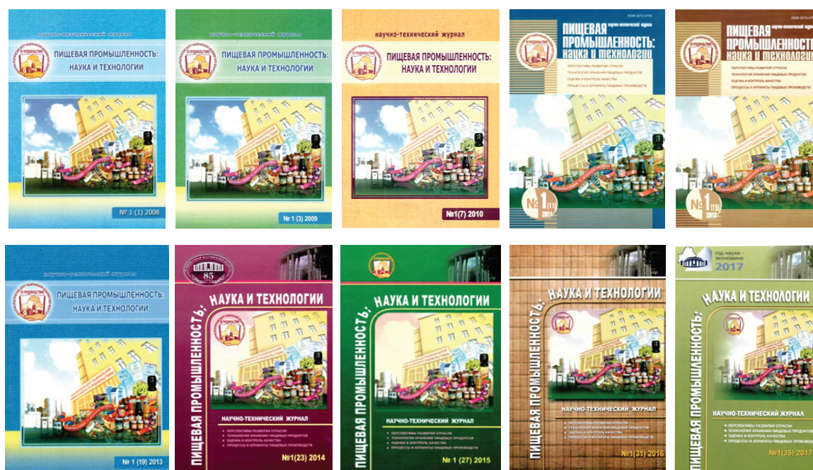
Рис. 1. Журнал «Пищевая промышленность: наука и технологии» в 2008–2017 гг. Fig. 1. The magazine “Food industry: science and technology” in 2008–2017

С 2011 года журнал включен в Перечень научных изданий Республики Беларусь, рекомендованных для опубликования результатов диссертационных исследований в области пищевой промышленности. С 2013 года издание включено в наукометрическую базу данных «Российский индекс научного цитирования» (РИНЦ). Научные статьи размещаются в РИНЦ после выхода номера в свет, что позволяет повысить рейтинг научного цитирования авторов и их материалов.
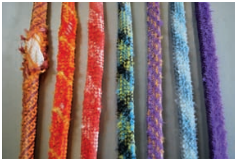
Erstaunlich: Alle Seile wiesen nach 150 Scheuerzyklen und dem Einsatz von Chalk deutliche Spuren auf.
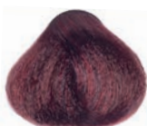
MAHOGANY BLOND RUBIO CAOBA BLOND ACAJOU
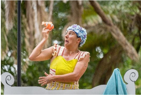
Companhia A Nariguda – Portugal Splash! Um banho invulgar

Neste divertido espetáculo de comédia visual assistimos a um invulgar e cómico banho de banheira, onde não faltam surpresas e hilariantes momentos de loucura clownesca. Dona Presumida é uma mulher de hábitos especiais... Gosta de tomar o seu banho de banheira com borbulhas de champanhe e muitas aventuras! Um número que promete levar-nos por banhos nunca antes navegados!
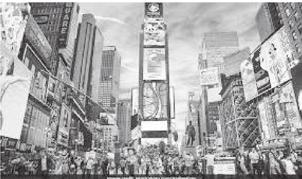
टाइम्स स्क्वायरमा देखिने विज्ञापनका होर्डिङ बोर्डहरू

______________________________

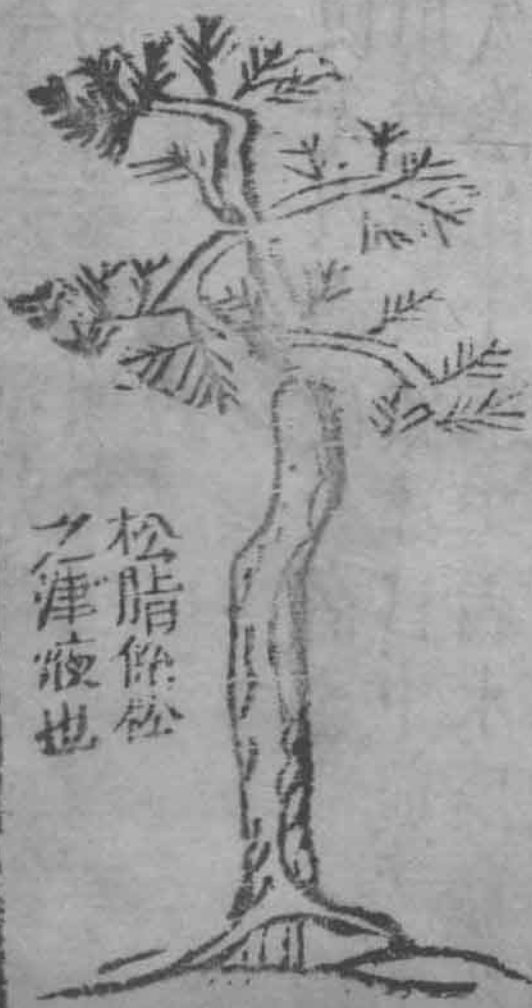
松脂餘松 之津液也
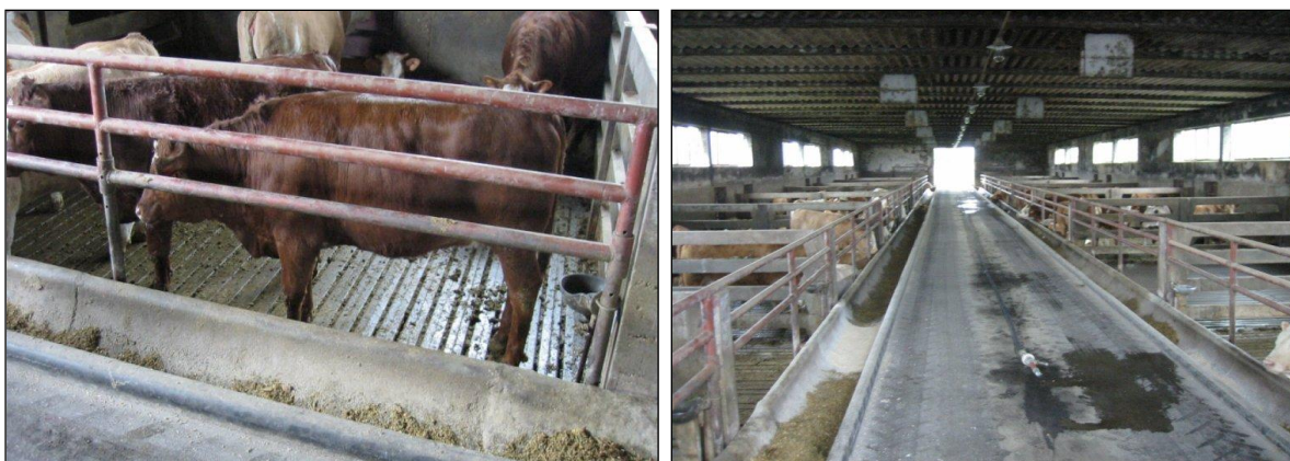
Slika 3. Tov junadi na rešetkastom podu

______________________________

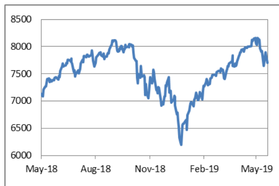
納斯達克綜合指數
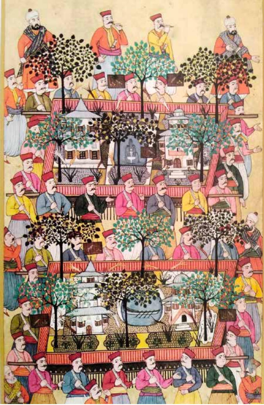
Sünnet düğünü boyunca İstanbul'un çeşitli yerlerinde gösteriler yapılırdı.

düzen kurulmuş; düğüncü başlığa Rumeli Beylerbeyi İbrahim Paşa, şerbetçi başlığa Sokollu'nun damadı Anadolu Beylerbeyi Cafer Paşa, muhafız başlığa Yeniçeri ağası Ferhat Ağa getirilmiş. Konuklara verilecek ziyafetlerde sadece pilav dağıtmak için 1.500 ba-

______________________________

Drop the pictures; return the lines above from the line containing "С 2011 года" to the line containing "टाइम्स स्क्वायरमा देखिने", both included, exactly.

С 2011 года журнал включен в Перечень научных изданий Республики Беларусь, рекомендованных для опубликования результатов диссертационных исследований в области пищевой промышленности. С 2013 года издание включено в наукометрическую базу данных «Российский индекс научного цитирования» (РИНЦ). Научные статьи размещаются в РИНЦ после выхода номера в свет, что позволяет повысить рейтинг научного цитирования авторов и их материалов.
Erstaunlich: Alle Seile wiesen nach 150 Scheuerzyklen und dem Einsatz von Chalk deutliche Spuren auf.
MAHOGANY BLOND RUBIO CAOBA BLOND ACAJOU
Companhia A Nariguda – Portugal Splash! Um banho invulgar

Neste divertido espetáculo de comédia visual assistimos a um invulgar e cómico banho de banheira, onde não faltam surpresas e hilariantes momentos de loucura clownesca. Dona Presumida é uma mulher de hábitos especiais... Gosta de tomar o seu banho de banheira com borbulhas de champanhe e muitas aventuras! Um número que promete levar-nos por banhos nunca antes navegados!
टाइम्स स्क्वायरमा देखिने विज्ञापनका होर्डिङ बोर्डहरू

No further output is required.